Updating GitLab and GitLab CI

Note This guide assumes you are using Ubuntu. If you are using Centos, or another distro, please follow the links at the various stages to the official docs.

Updating GitLab is super easy - so long as you are using one of the Omnibus editions from 7.12 onwards.

If, like me, you are using one of the older versions - 7.10.x in my case - then updating is a touch trickier, but not by much.

Do you need to update?

It's a good question. My advice would be to update a few patch releases after whenever a new minor version has been released.

What does that mean in laymans terms?

Well, GitLab follows what's called Semantic Versioning, or semver.

The official version of this is:

Given a version number MAJOR.MINOR.PATCH, increment the:

MAJOR version when you make incompatible API changes, MINOR version when you add functionality in a backwards-compatible manner, and PATCH version when you make backwards-compatible bug fixes.

An easier way to understand it is:

Say we have our GitLab, and it's at version 7.10.2.

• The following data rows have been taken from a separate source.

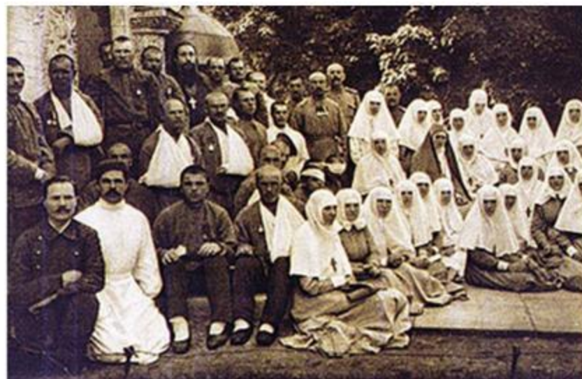
Настоятельница Марфо-Мариинской обители милосердия Великая княгиня Елизавета Федоровна с сестрами и лазаретом у северной паперти собора. 1914 г.
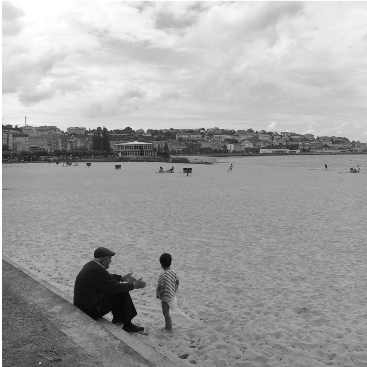
Le vieil homme et la mer (au fond à droite).
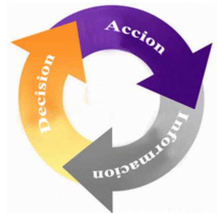
Figura 1: ciclo de inteligencia en los negocios
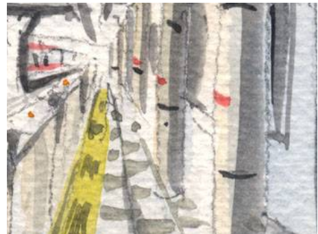
5、ホームの構造物は 線遠近法で描きます
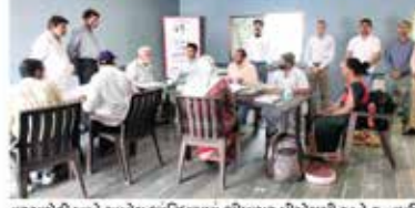
વરસામેડી ખાતે સાયેલ શાંતિઘાટમાં ભીમાસર પીએસસી અને રત્નમણી ઠંપની તથા લેબલ ફાઉન્ડેશન ગ્રુપ દ્વારા સર્વ સેગ નિદાન કેમ્પ યોજવામાં આવ્યો હતો. જેમાં કુલથી ૮૦ દર્દીઓએ લાભ લીધો હતો. બ્લડ ગ્રુપ, બીપી, ડાયાબિટીસ અને હૃદયનો કાર્યગ્રામ તથા ગ્લાયસેન ડોઝર દ્વારા એનલીબી એનલી સેકલપ કલ્ચરમાં રાખ્યું હતું અને વડદી સલાહ સુચન અને દવાઓ પણ આપવામાં આવી હતી.
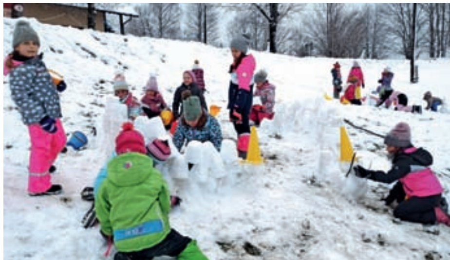
Zimske radosti na Medvedjem Brdu

Sedmošolci so pet dni preživel v pravljicni deželi pod Karavankami – v Centru šolskih in obšolskih dejavnosti Trilobit v Javorniškem Rovtu. Obiskali so izvir Velikega Javornika, spoznali fosile in jih odlili v mavec. Ponovili so osnove orientacije, se učili spretnosti oblikovanja osnovnih
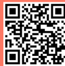
WIR AUF INSTAGRAM
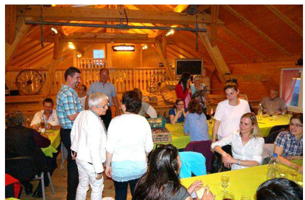
Personalfest Ende Mai 2015
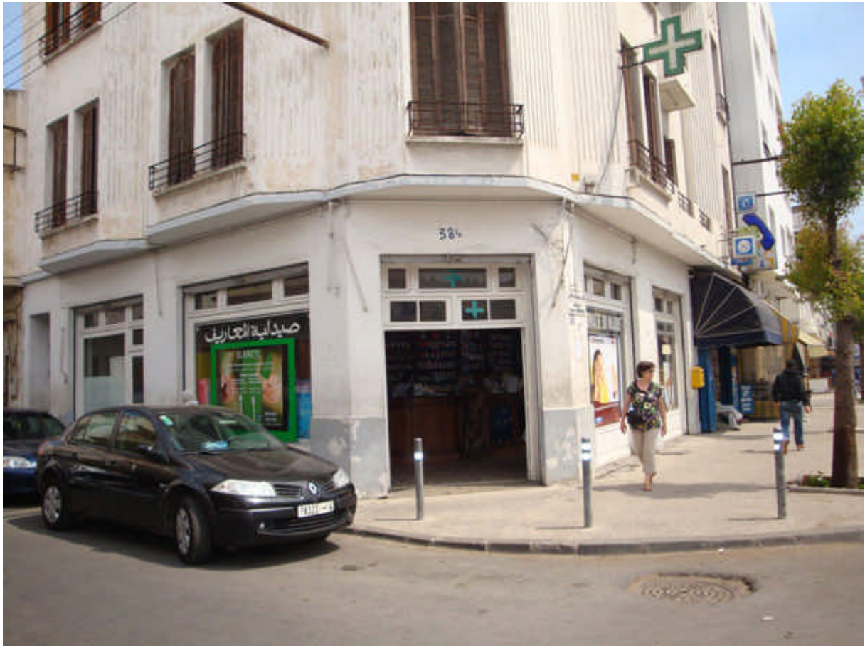
113 : Qui reconnaît l'endroit
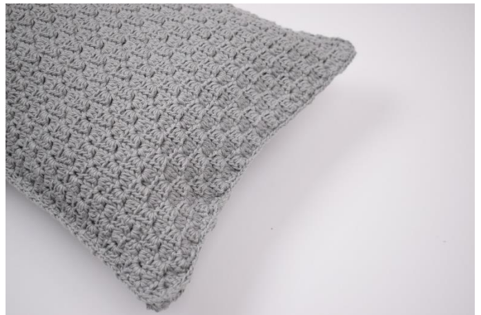
8. Upprepa detta hela vägen runt om kudden. Stoppa ner kudden i kuddfodralet innan det virkas ihop helt. Avsluta med 1 sm. Klipp garnet och fäst.
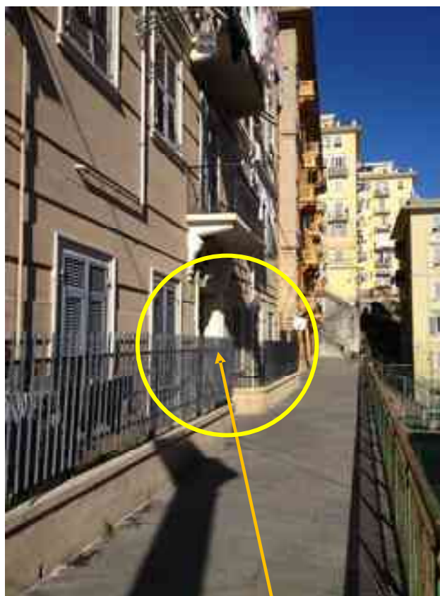
FOTO 6: Fronte est del civ. 15 di via A. Centurione. Il Portone d'ingresso del caseggiato.
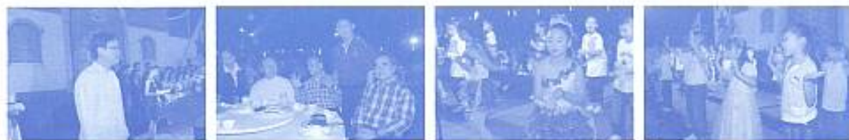
สมาคมฯ ร่วมงานราตรีสัมพันธ์ของโรงเรียนอัสสัมชัญลำปาง เมื่อวันที่ 8 ก.พ. 2552
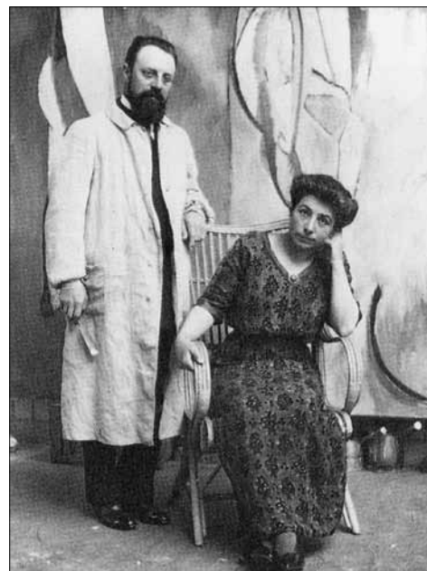
► Matisse et Madame Matisse dans l'atelier d'Issy-les- Moulineaux - mai 1913
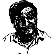
→ विश्व शाक्य

नेपाल सम्बत्को नयाँवर्षको उपलक्षमा शुभकामना आदान-प्रदानको कार्यक्रम थियो । शुभकामना आदान-प्रदान कार्यक्रममा एकजना संडगीत कर्मीको सम्मान कार्यक्रम पनि थियो । सम्मानित व्यक्तित्वको परिचय दिने क्रममा परिचयकर्ता संस्कृतिविद वक्ताले हिन्दू र बौद्धहरू एक आपसमा समभाव रहेको अवस्थामा केही वर्ष यता आएर बौद्ध जागरणको नाममा हिन्दू बौद्ध बीच विभेद उत्पन्न हुन गैरहेको मन्तव्य दिए पछि श्रोताहरू माफ्र खासखुस शुरू भयो । 'शुभकामना आदान प्रदान कार्यक्रममा यो सन्दर्भ रहित कुरा कहाँबाट आयो ?' एकथरी श्रोताले जिज्ञासा राखे । अर्को थरीले अभिमत पोखे— "बौद्धहरू हिन्दूहरूको मठ मन्दिर जाँदै मात्र हिन्दू बौद्धहरूको समभाव रहने सहिष्णु हुने अनि हिन्दूहरू आफैले विष्णुको नवौँ अवतार मानिएको बुद्ध धर्मावलम्बीहरूको बौद्ध गोम्बा विहारहरूमा हिन्दूहरू विर्सेर पनि नपस्दा भने धार्मिक सह-अस्तित्व र धार्मिक सहिष्णुता नतोडिने ? यो कस्तो समभाव ?"
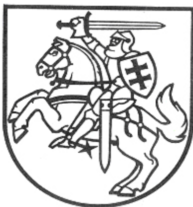
IV. Lietuvos valstybės herbo adaptacija Valstybės įstaigų blankams ir leidimams
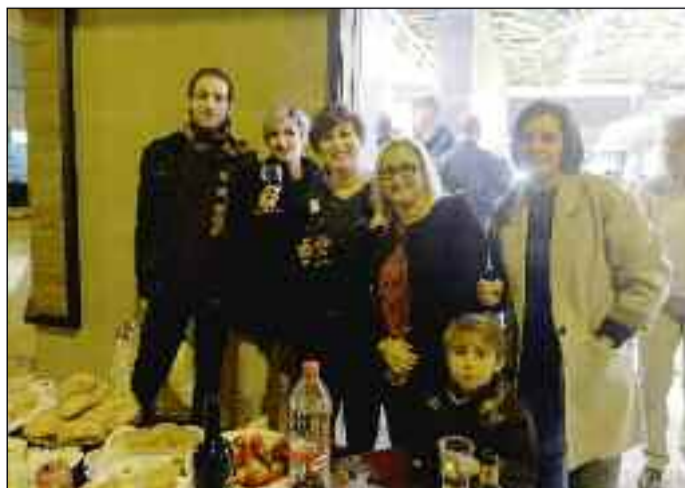
■ Reunidos con motivo de la reinauguración.
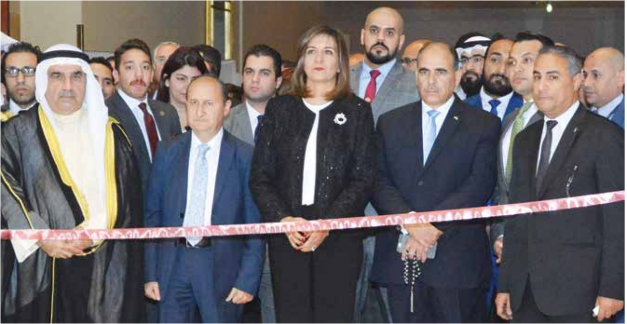
ممثل معالي رئيس الوزراء وزير التجارة والصناعة م. عمرو نصار والسفيرة نبيلة مكرم وزيرة الهجرة وشؤون المصريين بالخارج وأحمد اسماعيل بهبهاني أثناء افتتاح الاسبوع الكويتي الحادي عشر في مصر 4 ديسمبر 2018 بفندق النيل ريتز كارلتون - القاهرة

يقام برعاية رئيس الوزراء المصري في الفترة من 5 إلى 7 نوفمبر المقبل بفندق النيل ريتز كارلتون القاهرة
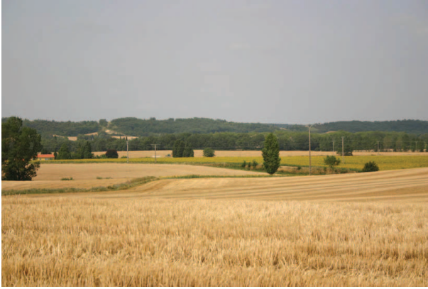
Paysage agricole à l'ouest de Castelnaudary, collines de la Piège en fond
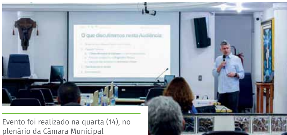
Evento foi realizado na quarta (14), no plenário da Câmara Municipal

Para quem deseja contribuir com a construção do Plano, há um formulário on-line disponível no endereço: bit.ly/3xvK3rV
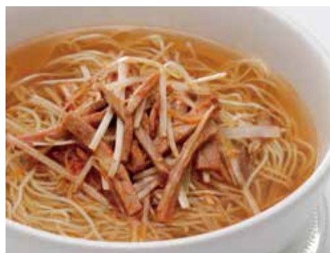
葱とチャーシューつゆそば
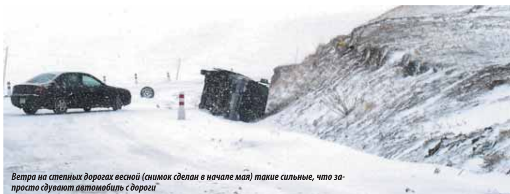
Ветра на степных дорогах весной (снимок сделан в начале мая) такие сильные, что просто сдувают автомобиль с дороги

Сразу за шлагбаумом пограничной зоны начинается монгольский поселок Алтанбулаг (население — 3,3 тыс. человек) — непривлекательный, с хаотичной деревянной застройкой, на окраинах можно встретить юрты. Первый крупный город и большая железнодорожная станция — Сухэ-Батор (население — 19700 чел) — центр Селенгинского аймака. Пока граница не работает в круглосуточном режиме, это хорошее место для остановки следующих из/в Россию (стоимость номера в гостиницах — 20000–50000 тугриков/465–1160 руб). На посту дорожной полиции (будьте внимательны — местные
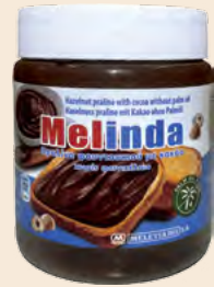
Βάζο Πλαστικό / Plastic Vase Πραλίνα χωρίς φοινικέλαιο Praline without palm oil
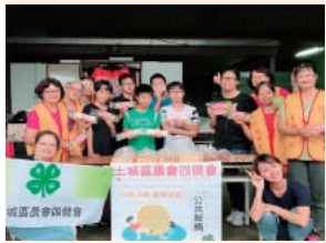
家政回饋服務暨四健公共服務活動做中秋月餅轉交華山基金會關懷轄內獨居老人
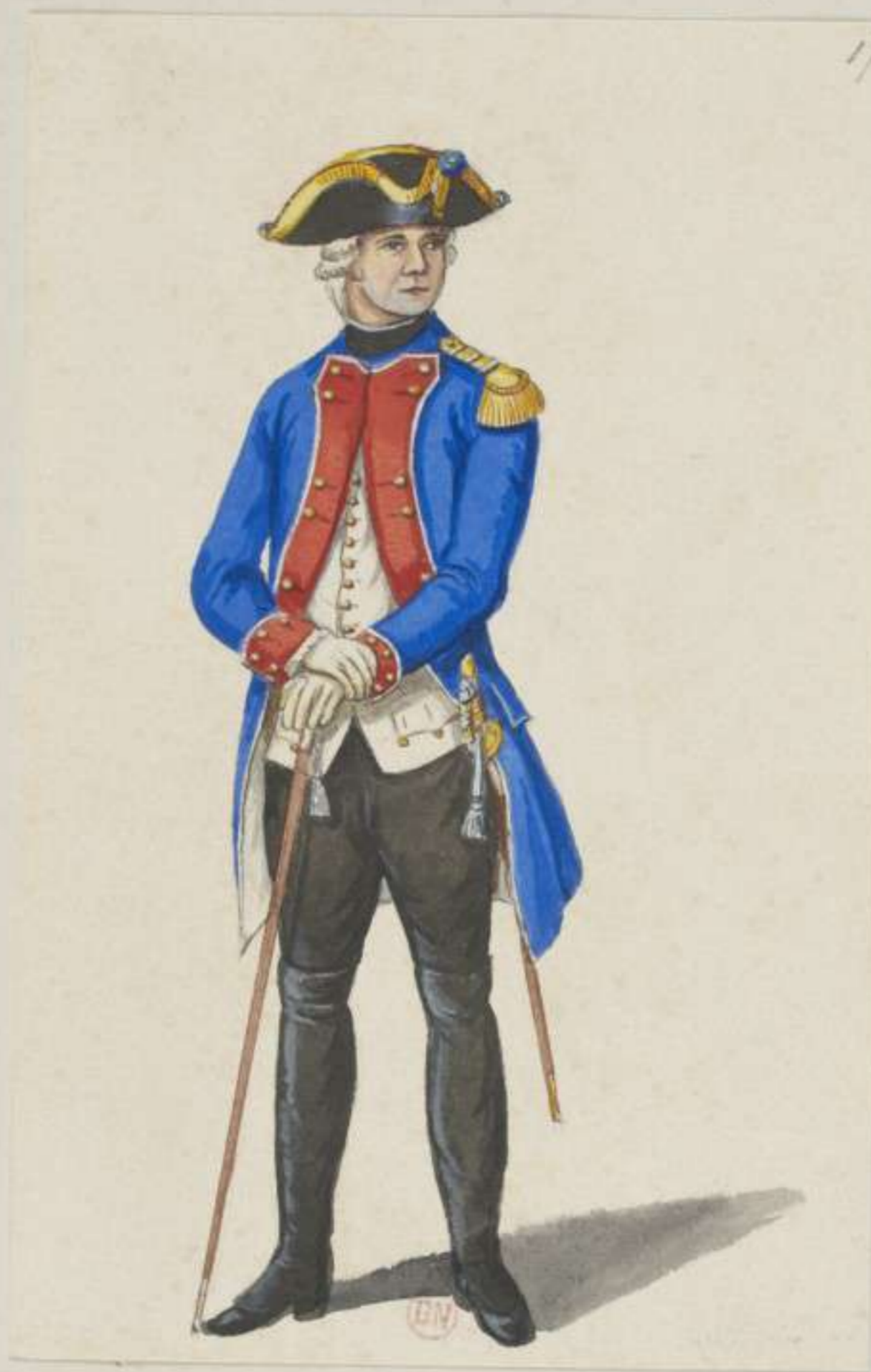
17 o - 14. Infanterie Regiment Rambaldi - Capitain. Ausserdienst Uniform
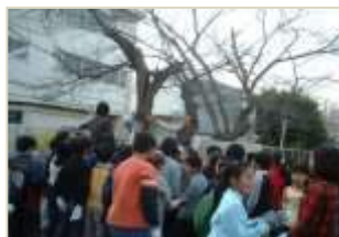
(大船小学校桜ワークショップ)

地域の小学校校庭の桜の治療の実践や夏休みには、地元の美術学院の協力を得て、桜の樹名板製作のワークショップを開催し、子どもたちに愛校心、樹木に愛着をもって接する心を育てる一助としています。
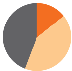
Asie de l'Est et Pacifique
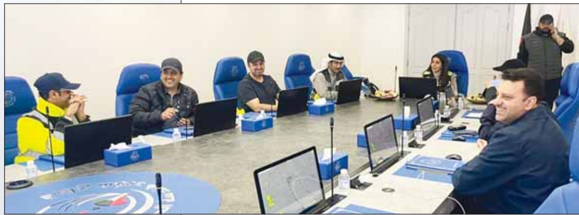
الوزير د. نورة المشعان تتابع استعدادات الوزارة من غرفة العمليات
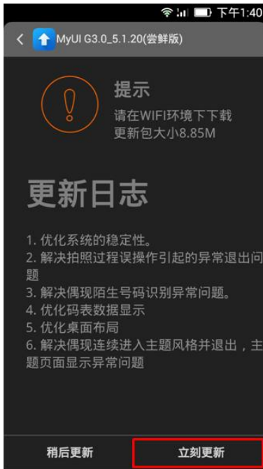
更新版本详情界面
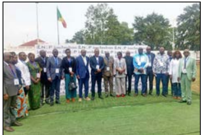
Les officiels à l'issue de l'ouverture des Journées portes ouvertes

Face aux étudiants, professionnels de santé et les usagers de l'institution, le directeur général du laboratoire a relevé l'importance de l'institution dans la chaîne de délivrance des soins et, surtout, son rôle essentiel dans la sécurité sanitaire nationale. «Son rôle s'étend à la surveillance épidémiologique
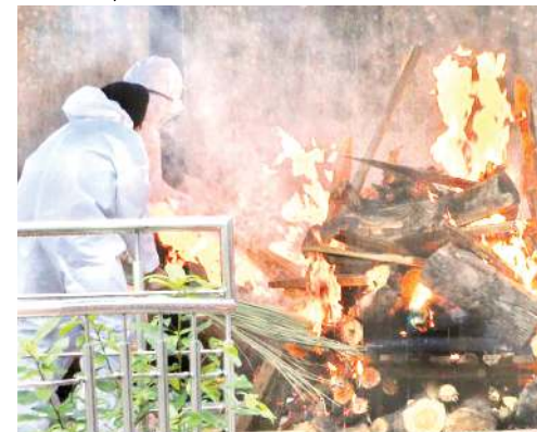
অনা থোকিবা ইমুং-মুংশিংদগী লৌহরিংদে। অদুৰ উপাই লৈব্রবা ইমুং-মুংগী মীওইশিংনা লৈত-

ডা. খাইদেম অখৌবা ইফাল, নবেম্বৰ ৩০ (এচ এন এস) : কোভিড-১৯না মরম ওইদুনা লৈখিদ্রবা মীওইগী অৰোইবা মথৌ-মঙম পাঙথোকুৰা মীয়ায় পেনদ্রে। আই এম সীনা লুপা লিশিং ১৫ লৌবগী থৌওং মায়কৈ কয়াদগী মীয়ায় পেনদ্রে।
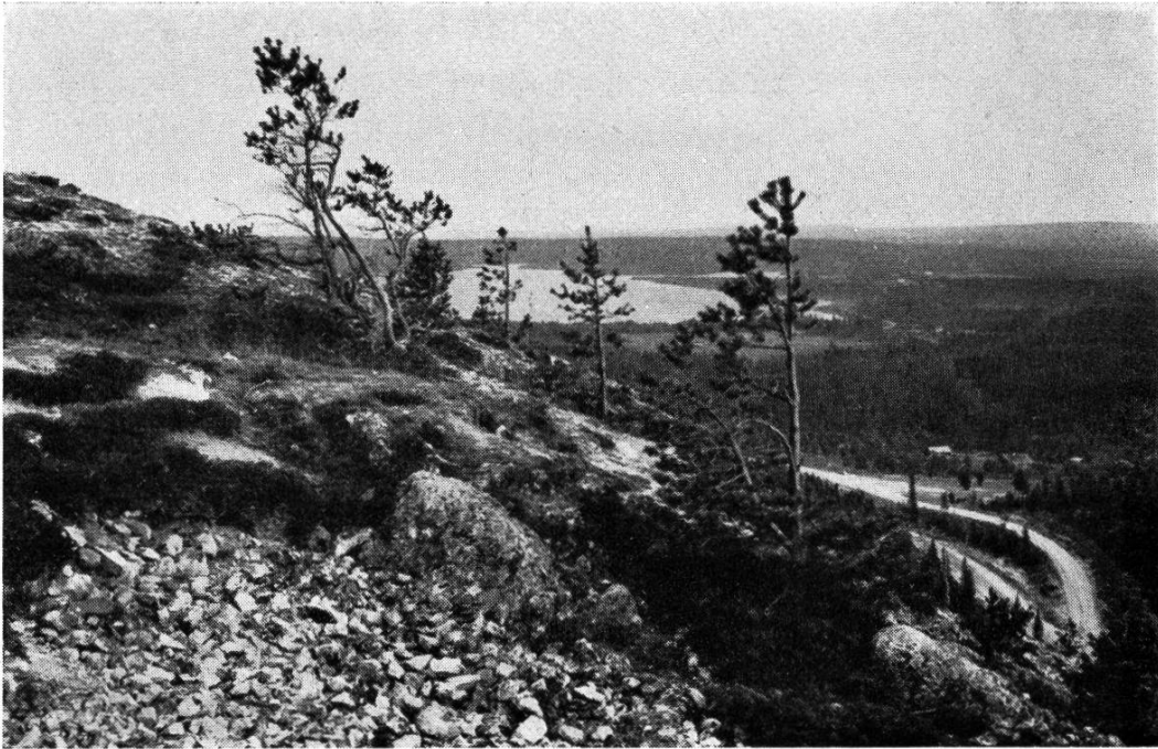
Bei Kuusamo, in der Nähe des Polarkreises

Schlitten, Skiern, in Jeeps und Privatautos sowie zu Pferd und nicht zuletzt zu Fuss den Kirchen zu, die bis auf den letzten Platz gefüllt sind. Wenn die Kirchenglocken durch die Stille der Nacht die Leute zum Besuch des Gottesdienstes aufrufen, ist der Augenblick gekommen, wo in jedem Haus die auf den Fensterbrettern aufgestellten Kerzen angezündet werden. Die Tausende und aber Tausende zuckender Kerzenflämmchen reihen sich zu unzähligen leuchtenden Ketten zusammen, die das soeben erwachte Dorf durchziehen.

  • 7 is the MAJOR version.
  • 10 is the MINOR version.
  • and 2 is the PATCH version.

It can be wise to wait until an updated MAJOR version has hit its first MINOR version, and likewise, wait until the MINOR version has hit its first or second PATCH release before updating.


Well, bugs inevitably slip through - so lets err on the side of caution, and wait for a more stable version to come out, before rushing to become an unexpecting beta tester ;)

> 7.12 Omnibus Edition Update

If you are using a GitLab version greater than 7.12, and you installed using the omnibus installer as advised in this video series, then Good News Everyone, updating is as simple as:

sudo apt-get update 
sudo apt-get install gitlab-ce

And the cool thing is, by the end of this video, if you are using an older version - that will be how simple an update is in future.


One thing I have noticed - and if you are using a rather anemic spec machine, you may too - is that restarting GitLab can take a long time, in modern computer terms.

There are a lot of services to be restarted:

  • Redis
  • Sidekiq
  • nginx
  • The underlying database
  • Unicorn workers

If you want to know more about what each of these is actually doing, the GitLab architecture docs are a great starting point.

Updating an Older Version of GitLab

So, you have been using GitLab since the Days of Yore. Me too.

Now, thankfully, updating 7.x is nowhere near as fraught with peril as the 6.x release was.

The first thing you need to do is get your server up to date. We can do that in one command:

sudo apt-get update -y && sudo apt-get upgrade -y

That might take a few minutes, so kick it off and get yourself a brew.

Next up, you need to add the package repository to your server. I have copy and pasted the contents of the docs from GitLab, but honestly, it's best to double check this before blindly copying, as there is an admittedly the very slim chance that something could have changed between then and now:

Check this at GitLab

curl https://packages.gitlab.com/install/repositories/gitlab/gitlab-ce/script.deb.sh | sudo bash
sudo apt-get install gitlab-ce

GitLab CI Updates

The cool thing about using the Omnibus installer is that your GitLab CI server instance - should you have it installed - will have also been updated to the same version as your GitLab server.

And that's it. Pretty easy eh?

GitLab impresses me in many ways - from all in one installers and updaters, through to the awesomeness of the usability and collaborative functions. I am continually amazed by the quality of open source software. Long may it continue.